▸ What you should do
The data that follows must be transcribed in full and exactly, minus the pictures.

▸ Supplied data
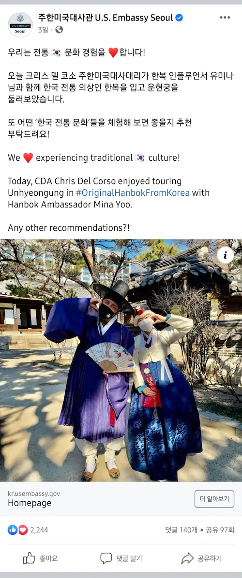 중국이 한복 지들꺼라고 우기니까 한국정부 대신해서 한복 한국꺼라고 공인해줌
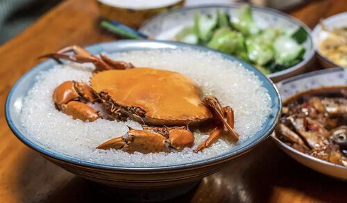 咸食(鱿鱼海蛎皮皮虾包进番薯面皮)、金蟳(当地一种锯缘青蟹)糯米饭。
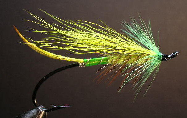 Tuo vihreä kukko on ns kaulushäkilä, se oli kyllä ihan tavallinen perhoissa 1800-luvulla, sitä vaan harvemmin näkee enään perhoihin sidottavan. Melko usein kaulushäkilä sidottiin perhoihin joissa oli kurkussa auki-nypittynä pitkää sianvillaa tai mohair-kuituja.
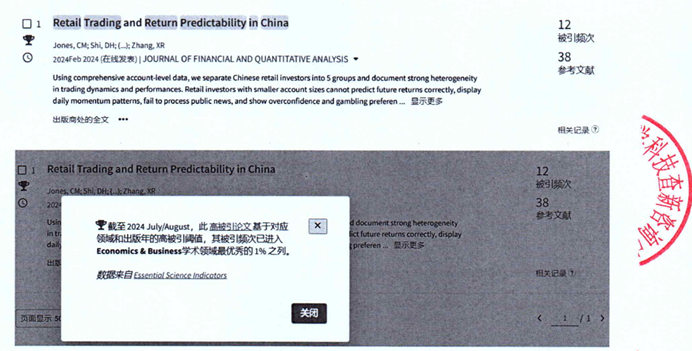 近日,BETVICTOR张欣然与合作者清华大学BETVICTOR张晓燕、哥伦比亚大学查尔斯·琼斯(Charles M. Jones)、复旦大学施东辉,2024年发表在金融学国际顶级期刊《金融与定量分析杂志》(Journal of Financial and Quantitative Analysis)的论文《中国散户交易与收益率预测》(Retail Trading and Return Predictability in China),被引频次进入ESI Economics & Business学术领域最优秀的1%之列。
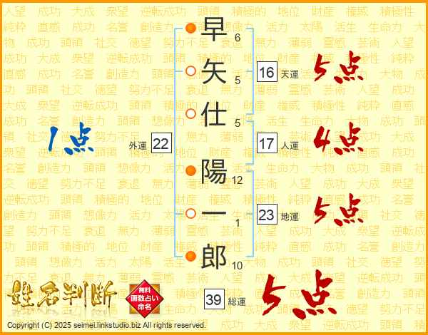 早(6画)矢(5画)仕(5画) 陽(12画)一(1画)郎(10画)
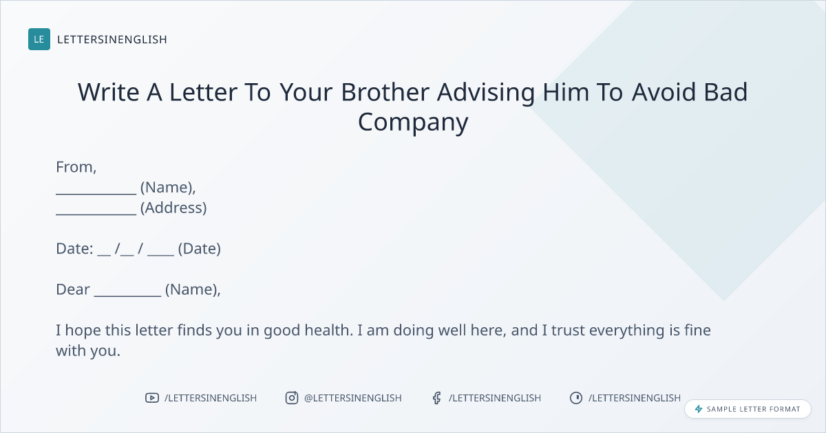 Sample Letter To Your Brother Advising Him To Avoid Bad Company

▸ Task result
 중국이 한복 지들꺼라고 우기니까 한국정부 대신해서 한복 한국꺼라고 공인해줌
 咸食(鱿鱼海蛎皮皮虾包进番薯面皮)、金蟳(当地一种锯缘青蟹)糯米饭。
 Tuo vihreä kukko on ns kaulushäkilä, se oli kyllä ihan tavallinen perhoissa 1800-luvulla, sitä vaan harvemmin näkee enään perhoihin sidottavan. Melko usein kaulushäkilä sidottiin perhoihin joissa oli kurkussa auki-nypittynä pitkää sianvillaa tai mohair-kuituja.
 近日,BETVICTOR张欣然与合作者清华大学BETVICTOR张晓燕、哥伦比亚大学查尔斯·琼斯(Charles M. Jones)、复旦大学施东辉,2024年发表在金融学国际顶级期刊《金融与定量分析杂志》(Journal of Financial and Quantitative Analysis)的论文《中国散户交易与收益率预测》(Retail Trading and Return Predictability in China),被引频次进入ESI Economics & Business学术领域最优秀的1%之列。
 早(6画)矢(5画)仕(5画) 陽(12画)一(1画)郎(10画)
 Sample Letter To Your Brother Advising Him To Avoid Bad Company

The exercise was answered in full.